Indiana

Education, From The Capitol To The Classroom

State Lawmakers Make A Few More Tweaks To Proposed Voucher Legislation

    Kyle Stokes / StateImpact Indiana

    Changes to proposed voucher legislation limit expansion to students living in the attendance zones of F schools.

    School choice advocates who had hoped for a big boost in the dollar amount of Indiana’s Choice Scholarship Program will have to settle for a $400 increase over the next two years.

    As voucher legislation left the Senate Thursday, the bill’s author, Rep. Bob Behning, R-Indianapolis, proposed an amendment lifting the cap from $4,500 to $4,700 next year and $4,900 in 2015. It’s significantly less than the $6,500 originally proposed in a bill that’s undergone many changes as it moved through the statehouse.

    At different points, the proposal has included provisions making siblings of participating students eligible for vouchers, increasing access for foster and military families and eliminating the public school requirement for incoming kindergarteners. But then the Senate Education Committee narrowed expansion to any student living in the attendance zone of a F school, a change Indiana Public Broadcasting‘s Brandon Smith reports Behning won’t fight:

    Rep. Behning says he doesn’t plan to address the attendance requirement after the Senate altered it.

    “I did not change any of the parameters they had in terms of that … they have already voted on what’s in the bill,” he says. “I’m not trying to ask them to revote on that issue.”

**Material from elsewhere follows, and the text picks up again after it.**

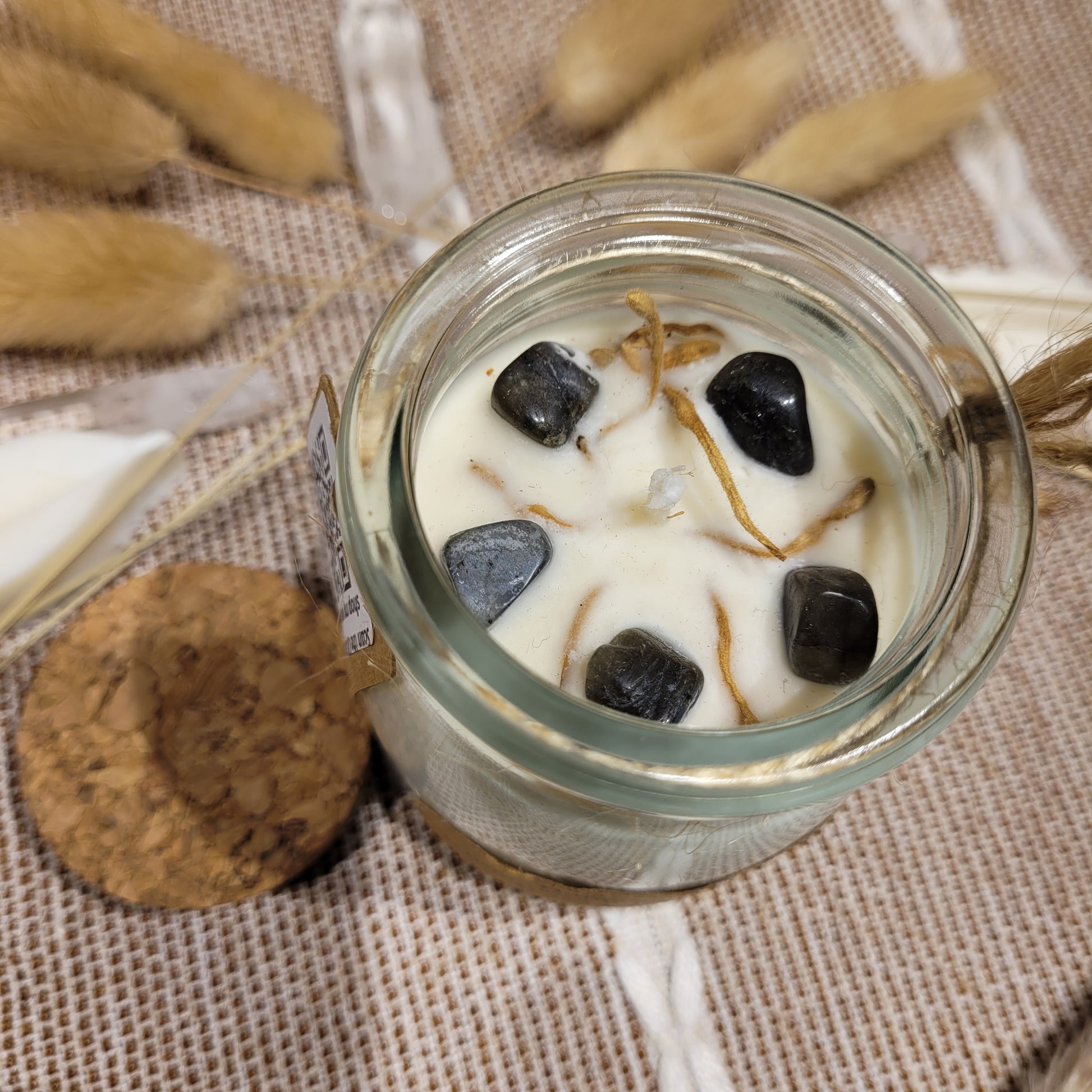 Handmade soy candles created with high-quality clean burning essential oil infused fragrance, 100% cotton wick, lead free borosilicate glass jar, decorated with organic dried herbs and ethically sourced crystals in a 7 oz Jar. Plus there is a hidden crystal on the bottom!

    The Senate passed the voucher expansion bill by only a two-vote margin. The bill’s senate sponsor, Doug Eckerty, R-Yorktown, says he anticipates another close vote.

    “We’ll have to take a look at it in its fiscal entirety, how everything all fits together, not just with this but with the budget as a whole, the governor’s tax cut proposal and things like that,” says Eckerty. “So it’s all going to have to go into the mix. Then we’re going to have to sort it all out.”

    Behning says it’s likely the state legislature will be asked to reconsider the public school attendance requirement in the future, as voucher expansion is a priority for Gov. Mike Pence.